■ Assignment ■
Only the lines from the beginning of the entries through the one with "Prima il corteo" should be written out, please, exactly and without any pictures.

■ Supplied data ■
--- START ---
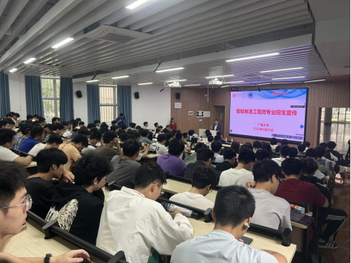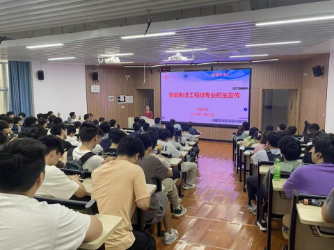 2025年5月25日上午,beat365官网在第十教学楼10A-101教室召开《智能制造工程》微专业招生宣传会,会议邀请了教务处谢健副处长、兄弟学院副院长、北京华航唯实机器人科技股份有限公司、国投融合科技股份有限公司、海尔智家股份有限公司等合作企业参加,会议由学院党委副书记黄路明主持,副院长李俚作总结讲话,院长助理项载毓老师做大会的技术支持,全校相关专业将近200名学生到现场参加招生宣传会。
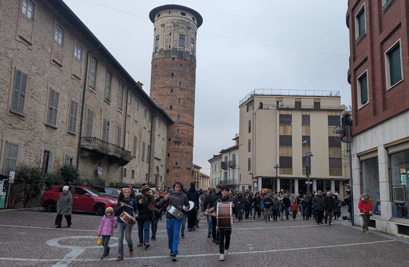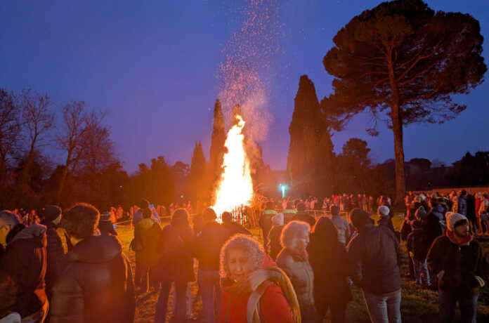 Prima il corteo rumoroso per le vie della città, poi l’arrivo al Parco Belgioioso per il falò della Giubiana
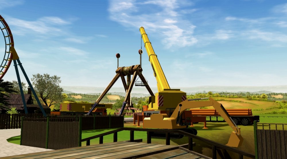 During these past two and a half months, Verona Resort has made a lot of progress! A large part of that being the construction of a new flat ride! First, there was a new building that was constructed, and it is located right next to the entrance to the Call of the Wild. It has a very dark, Caribbean theme to it, and it houses a restroom. I think that the building looks really cool! We started seeing some construction start with the land just across from the coaster. Some construction workers took a few pictures of the construction site, but with in a few weeks, the attraction was in place. Within a few more weeks, the ride was almost ready for opening day, just a few minor touches left to do! The ride is a suspended swinging, and rotating disk ride which swings guests up to about 40ish feet at about 30 mph. All doing that while spinning! No name has been released for the ride. The new restroom building. Another view. You can see a construction truck leveling out the ground and prepping the area for construction. Taken from a construction worker, you can see the overview of the site for the new attraction. Standing next to the underground tunnel entrance/exit, you can see the crane constructing the new attraction. You can see the ride from the bridge. A few weeks later, the ride was testing and queue was done with most of the foliage complete. Just a few more extra things to put in! -
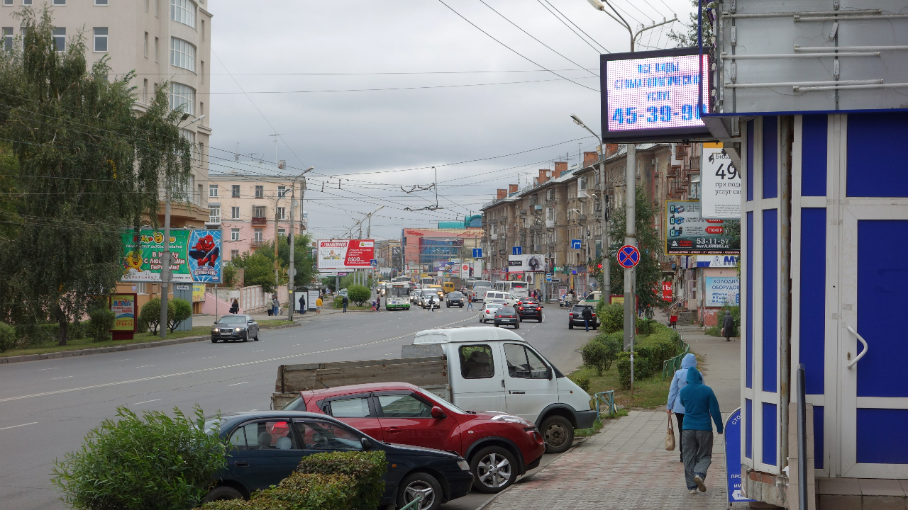 Omsk appears as we imagined Russia to be, not like the clean and posh Moscow city centre. We linger through the city, sit down in a nice cafe and try out all the means of transport. The 60 years old tram rumbles and sways through the city like a ship in rough sea. As a fast alternative there is Marshrutkas, private minivans, that drive you high-speed through the city.
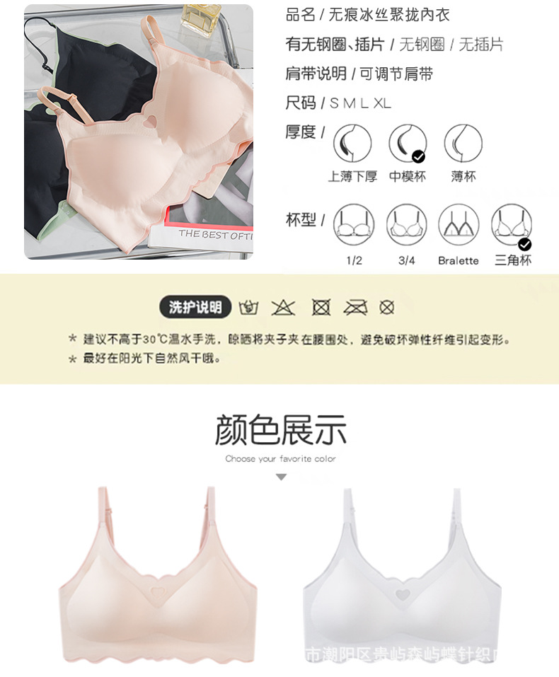 만화 가슴 원활한 속옷 착용 여성용 아이스 실크 브래지어 작은 가슴 개더링 무테 스포츠 뷰티 백 처짐 방지 브래지어스토어 가기
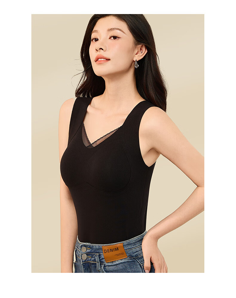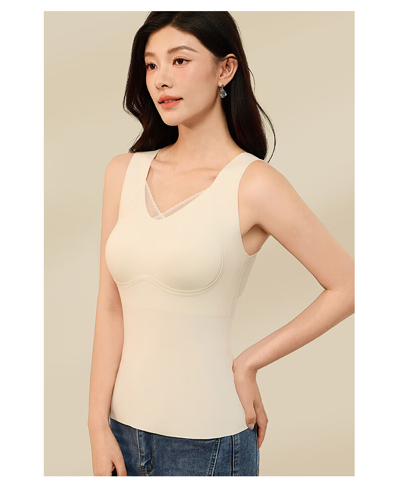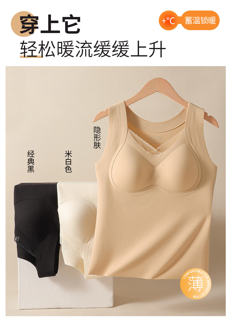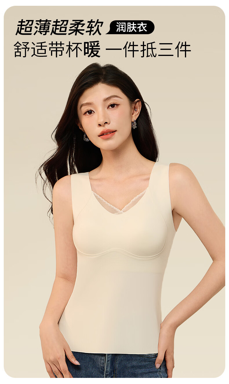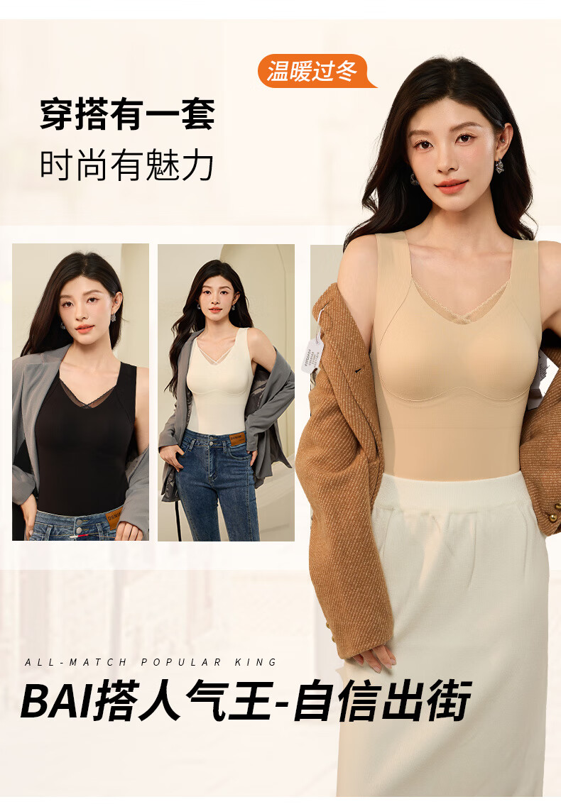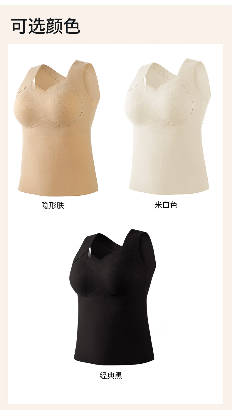 浪莎(LangSha)蕾丝花边美背背心女无痕双层吊带打底衫内搭外穿修身显瘦 白色+白色两件 L 建议体重130-180斤
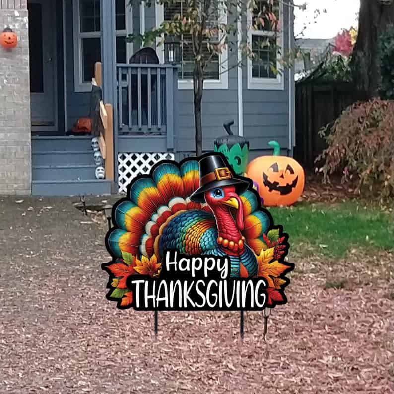 Enhance your entrance further with a Thanksgiving yard sign. Look for options that convey messages of gratitude, such as “Give Thanks” or “Happy Thanksgiving.” Placing a colorful sign near your front door or in your garden will draw attention and bring cheer to your home.
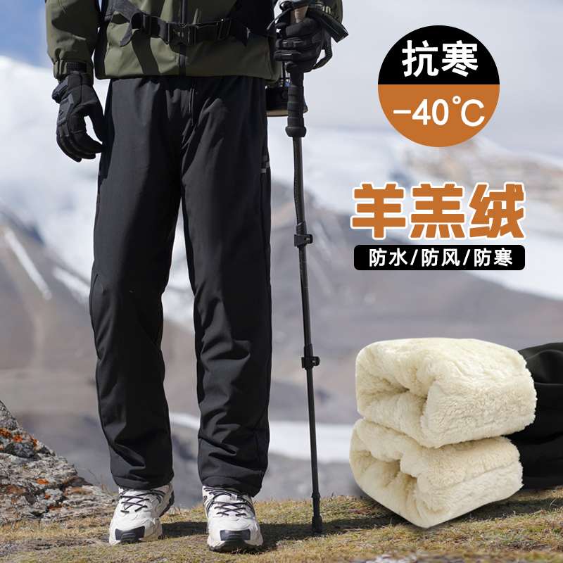 Outdoor jacket pants, men's fleece thickening, winter windproof waterproof, plus size warm, travel hiking pants, spring and autumn
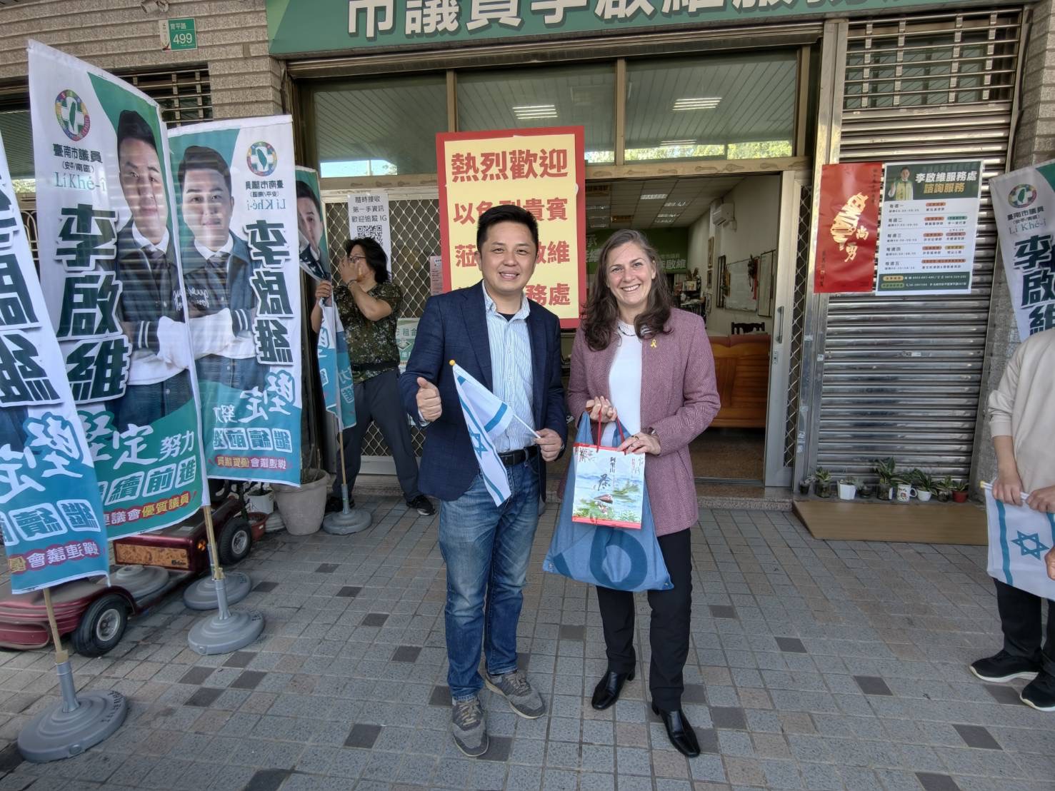 台南市議員李啟維很感謝卓健誠執行長為台灣和以色列兩國的情誼關心奔波,做了最有溫度的國民外交,也彌補了政府的不足,這次除了舉辦意義重大產業科技的交流以外,也順路和大使至服務處拜訪,讓服務處同仁與有榮焉,他們會緊抓上帝效法以色列精神守護台灣,為世界和平盡一份心力!
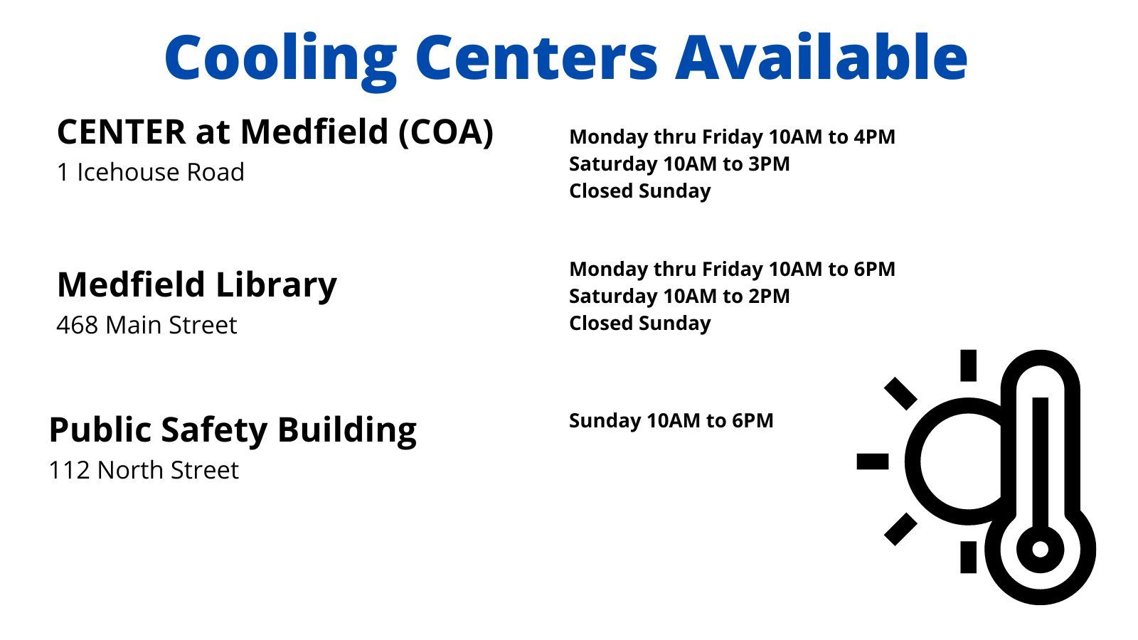 Due to the oppressive heat, cooling centers have been set up around town. Residents will be responsible for bringing their own food, water, and electronic devices/chargers.
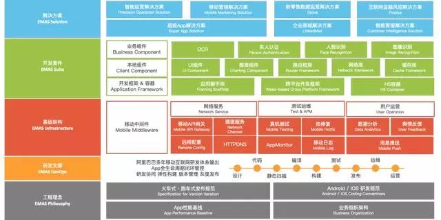 今天在海底捞超级App项目场景下,阿里巴巴进一步升级其数字化转型方案,开放了面向连接层的基础设施:移动研发平台EMAS。
--- END ---
■ Final answer ■
 2025年5月25日上午,beat365官网在第十教学楼10A-101教室召开《智能制造工程》微专业招生宣传会,会议邀请了教务处谢健副处长、兄弟学院副院长、北京华航唯实机器人科技股份有限公司、国投融合科技股份有限公司、海尔智家股份有限公司等合作企业参加,会议由学院党委副书记黄路明主持,副院长李俚作总结讲话,院长助理项载毓老师做大会的技术支持,全校相关专业将近200名学生到现场参加招生宣传会。
 Prima il corteo rumoroso per le vie della città, poi l’arrivo al Parco Belgioioso per il falò della Giubiana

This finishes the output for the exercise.